Gli effetti della realtà virtuale sul nostro cervello: dal senso di presenza e incorporamento alle applicazioni pratiche

Gli studi condotti nei campo della psicologia e delle neuroscienze hanno messo in luce alcuni degli effetti più evidenti che la realtà virtuale ha su di noi, come la sensazione di sentirsi fisicamente presenti all’interno dell’ambiente virtuale (sensazione di presenza) e di indossare e sentire come proprio un corpo virtuale (sensazione di incorporamento). Infatti, quando ci immergiamo nella realtà virtuale attraverso un visore VR, il nostro comportamento sarà fortemente influenzato da ciò che sperimenteremo: ad esempio, avremo paura di camminare su una trave sospesa nel vuoto o scanseremo la nostra testa se un oggetto virtuale prova a colpirci negli occhi. Questo fenomeno è stato denominato “sensazione di presenza”: l’illusione di sentirsi fisicamente presenti nell’ambiente virtuale che ci porta a rispondere in maniera realistica agli stimoli circostanti, con reazioni fisiologiche e cerebrali osservabili. Possiamo così ricreare degli ambienti virtuali con determinate caratteristiche, come ad esempio particolari ambienti sociali o ambienti architettonici, e studiare il comportamento dell’utente in maniera controllata. Come esempio applicativo possiamo citare un recente progetto di ricerca multidisciplinare che si sta conducendo con il Laboratorio di Realtà Virtuale UnitelmaSapienza, in cui si sfrutta la sensazione di presenza della VR come strumento di didattica innovativa, mirato allo sviluppo delle competenze finanziarie per bambini e bambine.
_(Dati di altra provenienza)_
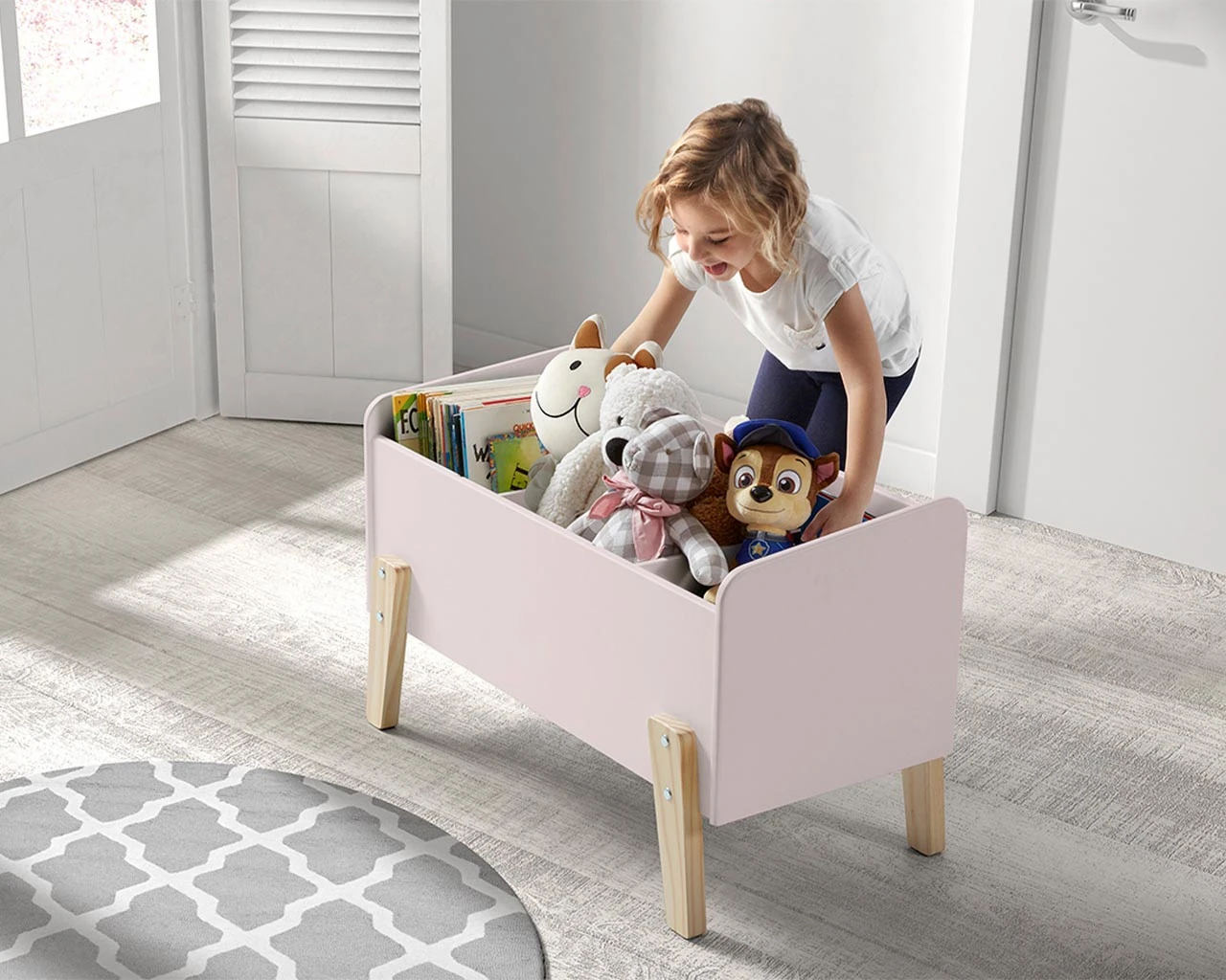 The Sherbert Toybox is a great addition to any bedroom or playroom. With 3 handy compartments you can store toys, books and games in an organised way and certainly off the floor! Finished in a Pink or White lacquer with solid pine legs it is a truly stylish piece of furniture. Match it with the co-ordinating Sherbert bed and Sherbert bedside you can complete the look for a designer bedroom!

In questo caso gli utenti vengono immersi in un ambiente virtuale ricco di stimoli e programmato per giocare e apprendere le nozioni di base della finanza e dell’economia, come ad esempio il consumo e il risparmio, l’investimento e il debito (vedi figura in basso a sinistra che rappresenta il progetto in fase di svolgimento presso l’istituto I.C. Volsinio di Roma).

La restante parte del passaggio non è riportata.